Diligent's ability to continue to significantly grow its recurring revenue
each quarter confirms that its SaaS (Software-as- a-Service) business model
is strongly positioned for the future.
Actual annual sales, which is revenue generated from existing and new
contacts or upgrades, exceeded $US5.0 million for the first time - a
year-to-year increase of 71%. The year also saw Diligent reach new highs in
quarterly sales performance, with the fourth quarter its best ever since
inception with the addition of 41 new agreements for boardbook licenses
producing $US0.75 million in recurring revenue.
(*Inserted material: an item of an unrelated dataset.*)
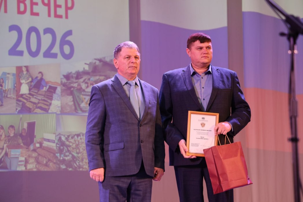 Особое место в программе заняло награждение: на сцене глава администрации Калачеевского района Николай Тимофеевич Котолевский вручил благодарственные письма и памятные подарки (от имени заместителя Председателя Государственной Думы Федерального Собрания РФ А. В. Гордеева) жителям района, внесшим особый вклад в сбор и отправку гуманитарных грузов и за активную общественную деятельность. Награды получили Лисов Алексей Викторович и Разборский Александр Сергеевич.

The drivers behind Diligent's significant sales growth include:
Greater brand recognition of the Diligent Boardbooks product.
Client referrals.
A highly skilled and focused sales force.
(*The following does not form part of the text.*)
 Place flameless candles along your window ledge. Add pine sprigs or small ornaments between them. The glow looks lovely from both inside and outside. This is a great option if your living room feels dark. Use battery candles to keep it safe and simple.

*The financial statements are in the process of being audited and are
therefore subject to adjustment. All amounts are in $US unless otherwise
stated.
Faster sales turnaround driven, in part, by a general return of business
confidence.
High customer confidence in, and satisfaction with, the product; supporting a
trend where existing clients continue to upgrade services, add new users and
provide new client referrals.
It should be noted that this growth has been achieved even though the number
of trained sales staff has remained relatively consistent throughout 2009 and
significantly down from sales staffing levels of 2008.
As at 31 December 2009, Diligent has 284 worldwide clients (up 63%) and over
7,300 users of its Diligent Boardbooks product. In addition to the financial
services sector which has been the main target group, Diligent has
successfully expanded into numerous other sectors as well, including energy,
oil and gas, health care, and universities. In spite of the financial stress
in the key US market, an impressive list of new clients has been added,
including several international brand names. Further inroads have also been
made into Canada, with major energy companies and one of Canada's largest
pension funds selecting the Diligent Boardbooks board portal to provide them
with real time access to their vital board materials.
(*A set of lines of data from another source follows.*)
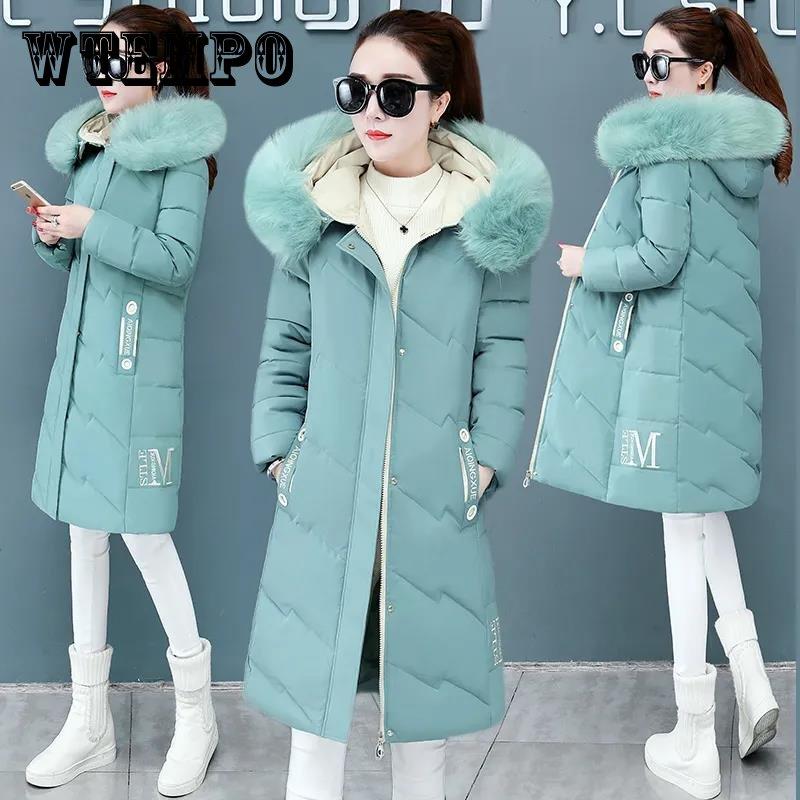 Пуховик зимняя корейская мода с большим меховым воротником средней длины с капюшоном толстая теплая куртка большого размера подходит для женщин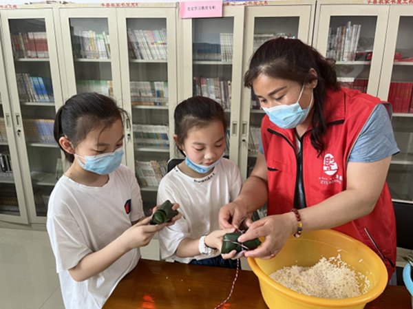 在另一個活動室,黨員志愿者們正和居民群眾、青少年兒童一同包粽子,體驗端午節(jié)傳統(tǒng)文化。“路漫漫其修遠(yuǎn)兮,吾將上下而求索……”大家邊包粽子邊誦讀著《楚辭》經(jīng)典名句。一時間粽葉舞動,麻繩穿梭,捋粽葉、填糯米、壓緊實、封口、扎繩,一個個精致的粽子就包好了。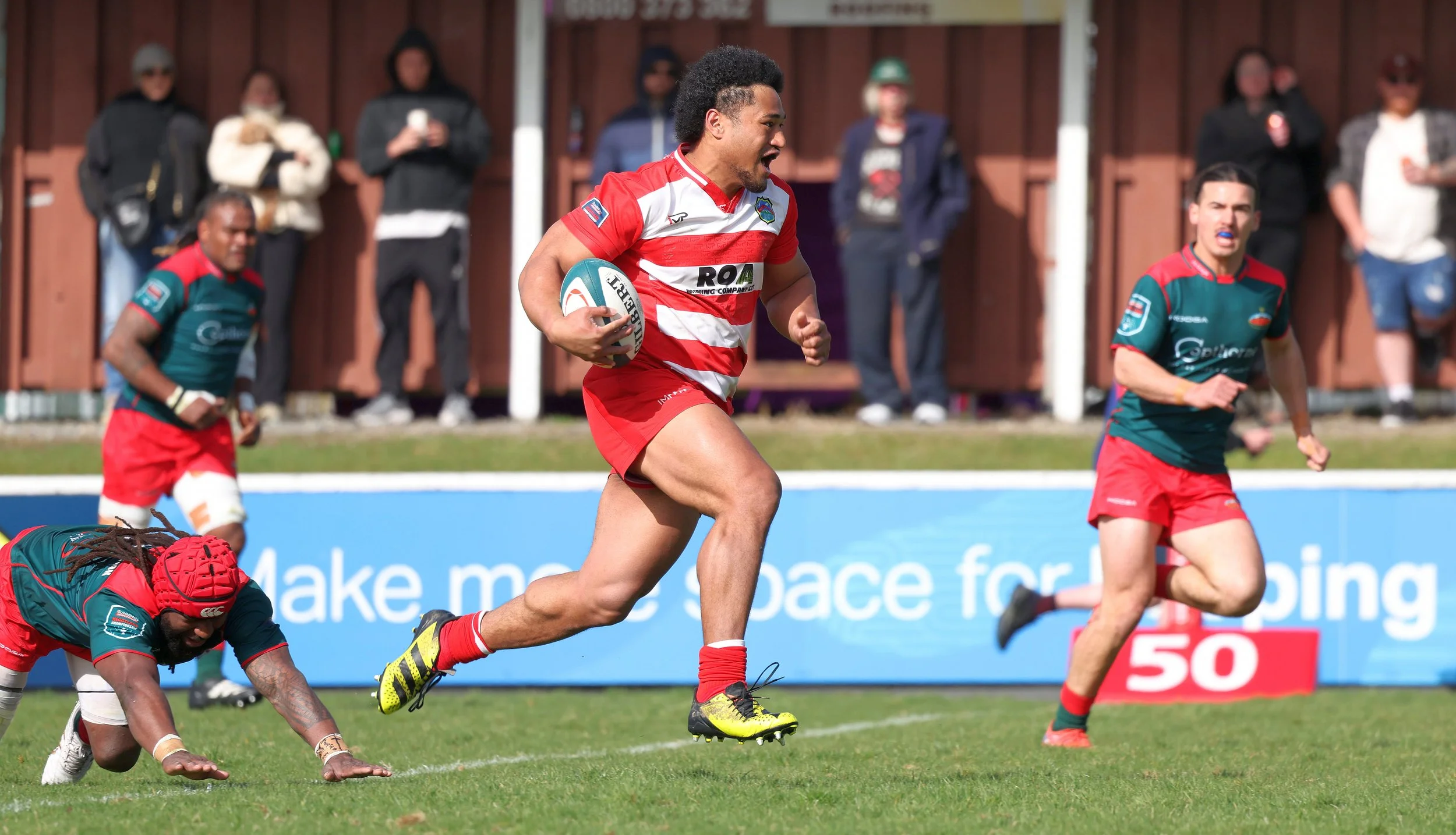 Isi Saumaki, West Coast centre, in full flight. His run led to another try for the home team.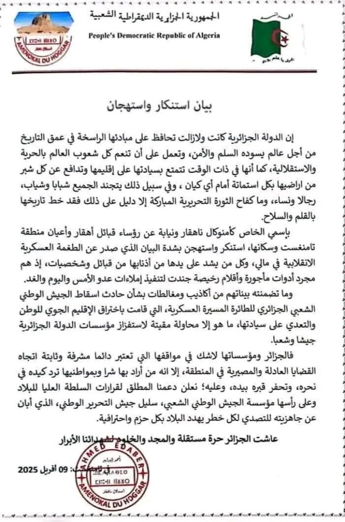 Soutenu par les notables de Tamanrasset, il condamne fermement les dérives du régime malien et réaffirme son attachement à l’Algérie, à son armée et à la stabilité régionale.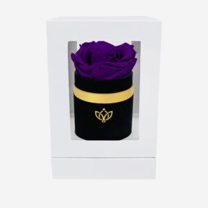 Find chic simplicity in the The Single Rose collection from The Million Roses. One rose says it all in this black suede box adorned with a gorgeous and long-lasting bright purple rose. Our Single Rose design is a perfect gift or fits anywhere in your home – even a desk or an end table. The…

Whilst Diligent has achieved significant revenue growth it has also managed
costs. Cost of revenues as a percentage of revenues decreased to 43.7% in
2009, compared with 64.1% for 2008, as a result of the greater economies of
scale achieved through an increased client base.
Cash used in operating activities for the year ended December 31, 2009 was
$US2.5 million, compared with $US11.4 million for 2008. This reduction in
cash used in operations resulted from an increase in revenues of $US2.1
million and a decrease in operating expenses of $US5.4 million. During 2008,
Diligent incurred significant expenses to expand its sales and marketing
efforts. By the end of 2008, it had scaled back expenses, which is reflected
in the results for 2009. Additionally, there is an increase of approximately
$US1.0 million in cash attributable to deferred revenue from license
agreements which have not yet been fully recognized as revenue.
As of December 31, 2009, the company had approximately $US1.2 million of cash
reserves and accounts receivable of approximately $US0.3 million. The
primary source of the liquidity for the past year has come from the financing
secured in March, 2009 when $US3.0 million of financing was obtained from
Spring Street Partners, L.P. and Carroll Capital Holdings, LLC, who
collectively purchased 30 million shares of newly-created Series A Preferred
Stock for $US0.10 per share.
Outlook
At the current level of reduced expenses, coupled with current sales growth
forecasts, Diligent's management believes that it will achieve cash flow
breakeven around the end of the third quarter of the current financial year.
On January 18, 2010, Diligent reached an agreement in principle for a $US1.0
million line of credit from Spring Street Partners, L.P. The credit
agreement is in the process of being finalized. As stated above, management
believes its current funding will be sufficient to support sales growth and
achieve cash flow breakeven around the end of the third quarter of 2010.
However, this line of credit offers the Company cash flow support if needed.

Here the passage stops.